W3C home > Mailing lists > Public > public-tracking@w3.org > March 2013

RE: TPE Handling Out-of-Band Consent (including ISSUE-152)

From: Mike O'Neill <michael.oneill@baycloud.com>
Date: Sat, 23 Mar 2013 15:17:30 -0000
To: "'Grimmelmann, James'" <James.Grimmelmann@nyls.edu>, <public-tracking@w3.org>
Message-ID: <03bc01ce27d9$8a008740$9e0195c0$@baycloud.com>
Hi James.

I think public decency is still intact but it might interfere with Occam's
razor.
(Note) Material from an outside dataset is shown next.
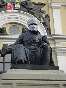 Ucrania: Encapuchados junto a un grupo de adherentes nacionalistas a rostro descubierto derribaron el Monumento a Lenín de Kiev y otros símbolos del comunismo y socialismo en el país durante el Euromaidán en 2015.[18]
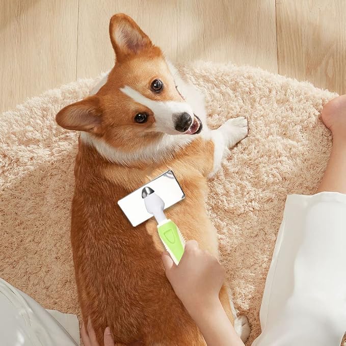 - 【ENJOY MASSAGE】- This dog slicker combs with stainless steel, and softer pins. This pet combs glides through thick coats without tugging or pulling hair, or scratching their skin, offering a relaxing massage. Our pet grooming pin combs reduces young & old dogs & cats' shedding. No worrying about unsightly hair or fur all over your house, beds, or car. Reducing coat issues with regular combsing of your furry companion will reduce the chance of reactions in your home.

We already have a signal for tracking consent - DNT:0, and they
should just use it.

Mike

-----Original Message-----
From: Grimmelmann, James [mailto:James.Grimmelmann@nyls.edu] 
Sent: 23 March 2013 15:06
To: public-tracking@w3.org wg
Subject: Re: TPE Handling Out-of-Band Consent (including ISSUE-152)

A naive question:

Would it help if user-agents could send, with the initial request, a header
that contains a short list of explicit named out-of-band exceptions?  E.g,
DNT-OOB: NIELSEN.  The expectation would be that these exceptions would be
used for cases that involve (1) out-of-band consent, to (2) third-party
tracking across a wide variety of sites, by (3) a specific party, that (4)
has consent from a relatively small fraction of users, and that (5) is
difficult to confirm in real-time.  That is, since real-time lookup is hard
to do on the server side, perhaps it makes more sense to have user-agents
send a simple, unambiguous signal that is easy to implement.  The names
would be much easier, indeed trivial to check than figuring out whether a
specific user is in the panel who have consented.  The header is added to
every request, yes, but presumably by a relatively small number of users.
And user agents wouldn't need to have a more complicated real-time
interactive UI, since the preference to send an exception via this header
could be set-and-forget.  It also seems easier to investigate and audit than
other suggestions on the table.

In this model, Nielsen would be responsible for making sure that users in
the panel configure their user-agents to send this exception header; if they
don't, they can't be tracked.  Other unaffiliated servers would be
prohibited from relying on this exception.  It would be prohibited to set
such an exception header without explicit, specific user consent.  And there
would need to be some kind of namespace control to determine who gets to use
which tokens as named exceptions.

Much of this is far from ideal, but it seems like some approach along these
lines could provide users with immediate feedback on their tracking status
while enabling the desired form tracking by a party who has explicit
out-of-band consent against a general DNT:1 backdrop.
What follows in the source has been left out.